С января по сентябрь 2016 года Роспотребнадзор зарегистрировал в стране 36 тысяч острых алкогольных отравлений; 9 тысяч человек погибли. В России травятся и обычным, пищевым спиртом, и так называемым «спиртом неуточненным» — денатуратом, одеколоном, стеклоочистителями, суррогатами алкоголя, техническим спиртом, тормозной жидкостью, метанолом и сивушным маслом. История 78 иркутских соседей, посещавших один магазин, просто стала самым известным и заметным случаем.

Сибирский Гарлем

Фото: Екатерина Тимофеева/ircity.ru
Фото: Екатерина Тимофеева/ircity.ru

Каждый день на рассвете на рынок на улице Розы Люксембург в иркутском микрорайоне Ново-Ленино, где жили все, кто отравился «боярышником», выносят свиную голову с высунутым языком. Голову ставят под прилавок с морковкой, без ценника — для красоты. На соседнем прилавке на морозе болтаются замерзшие лифчики, в булочную завозят свежий бородинский хлеб по 22 рубля за буханку, а приезжие сербы отправляются из гостиницы «Павлин» чинить воздуховод в здании бывшего завода «Радиан», перестроенного в склад. Ново-Ленино считают районом, где можно купить что угодно. Здесь почти нет супермаркетов, но много рынков и ларьков, которые называют «павильонами». Жители перемещаются между магазинами «Успех», «Удача», «Виноград — праздничные напитки», «Радуга сладости», «Славный универсам», «Курочка рядом», парикмахерскими «Подстригалочка» и «Время красоты». Бегущая строка на магазине цветов сообщает: «Говорящие розы для элитных дам». В магазине наливной парфюмерии в розлив продают Chanel и Gucci, миллилитр за 18 рублей.

По рядам рынка ходит бабушка-эстет, показывает пальцем на рыбу, говорит: «Желтая», — и идет к следующему прилавку. Здесь же выдают займы до 15 тысяч рублей под один процент и обещают помощь людям с любой кредитной историей.

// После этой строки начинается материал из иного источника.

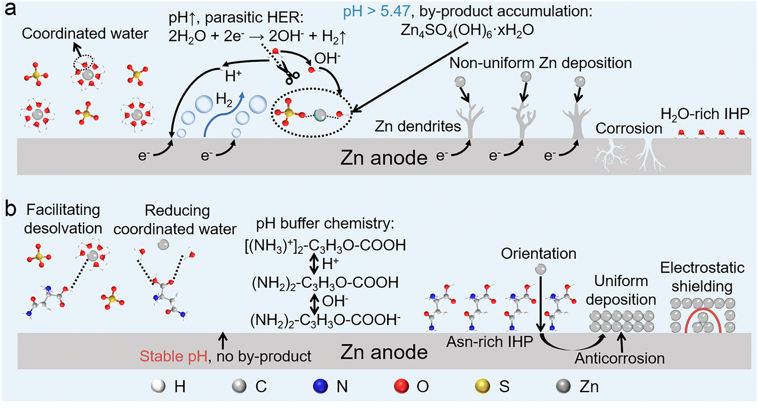 Amino acids are organic compounds containing elements such as C, H, N, and O, and exhibit characteristics of both cyclic (indole and imidazole rings) and straight-chain structures. They are commonly found in nature or can be easily obtained from commercial sources. Herein, a multifunctional bioorganic molecule, zwitterionic amino acid asparaginate (Asn) with multiple zincophilic sites, was used to explore the relationship between the molecular structure and its function in AZMBs. The acid–base functional groups contained in Asn dynamically regulate the pH of the electrolyte, avoiding the generation of ZSH by-products and inhibiting the HER. Additionally, experiments and theoretical calculations demonstrated that the interaction between H2O and Zn ions was effectively weakened, and the amount of H2O in the initial solvation structures of Zn ions was reduced through multiple zincophilic sites in Asn, improving the desolvation kinetics. Furthermore, because of its preferential adsorption, Asn adsorbed onto the Zn anode via functional groups. Similar to the principle of wind prevention and sand fixation by planting shelterbelts, Asn adsorbed on the anode surface can prevent further erosion by reconstructing the EDL. In addition, through a competitive adsorption mechanism and electrostatic shielding effect, Asn induces uniform Zn deposition to inhibit the formation of Zn dendrites (Fig. 1). Benefiting from the synergistic effect caused in the bulk electrolyte and electrode/electrolyte interface, Zn||Zn symmetric batteries within Asn additive achieve highly stable and reversible Zn plating/stripping of 5700 h and an ultra-high cycle life of over 1000 h even with an extremely high depth of discharge (DOD) of 85%. Moreover, the modified electrolyte enables Zn||MnO2 batteries and Zn||AC capacitors to deliver superior cycling stability and rate performance. The design principle applied in this study opens up a new way to realize high-performance AZMBs and promote their commercial applications. Overall, this study outlines transferable selection principles, including zwitterionic backbone, balanced coordination, and strong hydrogen bonding, which support the wide applicability of a class of biomolecule-based additives and guide practical ZMB systems.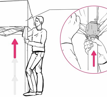 Hold the tent leg firmly with your foot and push up the corner scissors until the spring-loaded pin clicks in, repeat the same operation in all 4 corners. The roof will rise automatically.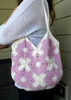 This is my version of the widely popular granny square bag and I call it XO Bag because the geometrical design of the squares creates the X’s and little O’s.

По всему району стоят ларьки с белым пломбиром, главным иркутским десертом, и новоленинцы едят его прямо на морозе, не отходя от кассы, а уличные музыканты тут же собирают деньги на озеленение Луны.

Фото: Екатерина Тимофеева/ircity.ru
Фото: Екатерина Тимофеева/ircity.ru

Все достопримечательности Иркутска можно обойти за пять часов, и иностранцы, путешествующие по Транссибу, делают здесь остановку на один день, а потом уезжают на Байкал. Местные говорят, что Иркутск — город «отрицательного обаяния»: «ангарский маньяк» Михил Попков, «иркутский монстр» Василий Кулик, падающие самолеты, теперь еще отравление «Боярышником». Еще здесь говорят, что Россия отстает от Европы на десять лет, Иркутск от Москвы — тоже на десять, а Ново-Ленино, который здесь кличут «Гарлемом», еще на столько же отстает от Иркутска. Прожив в городе всю жизнь, можно ни разу не побывать в «Гарлеме»: делать там нечего, особенно с тех пор, как вокруг района построили объездную дорогу.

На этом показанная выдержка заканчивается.